To say that Melania is a hagiography would be an insult to hagiographies. This is a film that fawns so lavishly over its subject that you feel downright unpatriotic not gushing over it. Fittingly, it was directed by Brett Ratner, whose feature film career was derailed in 2017 after numerous sexual assault allegations that he has denied. But like many unsavory people associated with Donald Trump, he’s apparently received a pardon.
https://www.theatlantic.com/culture/2026/01/melania-trump-documentary-review/685829/
Melania the book wasn’t an autobiography so much as a highly priced brochure. Melania the movie isn’t a documentary; it’s a protection racket. It’s a reminder that the richest people in the world are investing in entertainment brands not because they care about art but because the public does, and because all of these vanity projects and capitulations are a way to consolidate their own power and fortune.
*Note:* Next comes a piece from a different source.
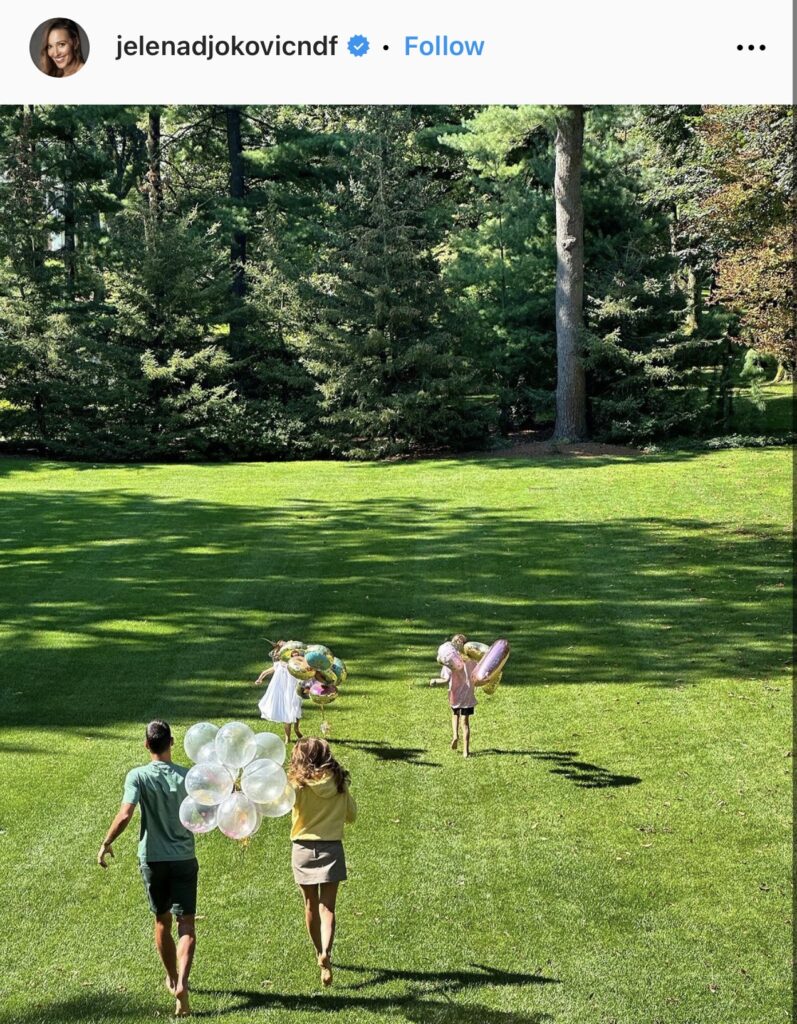 Jelena, Novak, Tara i Stefan trčali su bosi po travi, svi su nosili balone i očigledno uživali u trenutku.

It is galling to think about Jeff Bezos (whose wife is a former TV news anchor) deciding to invest so much money apparently to buy the president’s good graces while reportedly preparing to cut hundreds of jobs at The Washington Post. (Amazon reps have insisted that the company invested so heavily in the movie purely “because we think customers are going to love it.”) It is also galling—to me at least—that Apple CEO Tim Cook attended the premiere of Melania this week while the Trump administration’s militarized forces are killing Americans and detaining preschoolers. Melania Trump really doesn’t seem to care about the optics of launching her $75 million show reel while the country is in such profound crisis—that much she has always made clear. But most Americans do. And the particular details of the past week—the demonstrations and the tear gas in Minneapolis, the Melania ads covering the Sphere, the themed macarons at the White House, the scurrying-away of many who were professionally involved with this documentary—should be remembered long after the film itself is forgotten.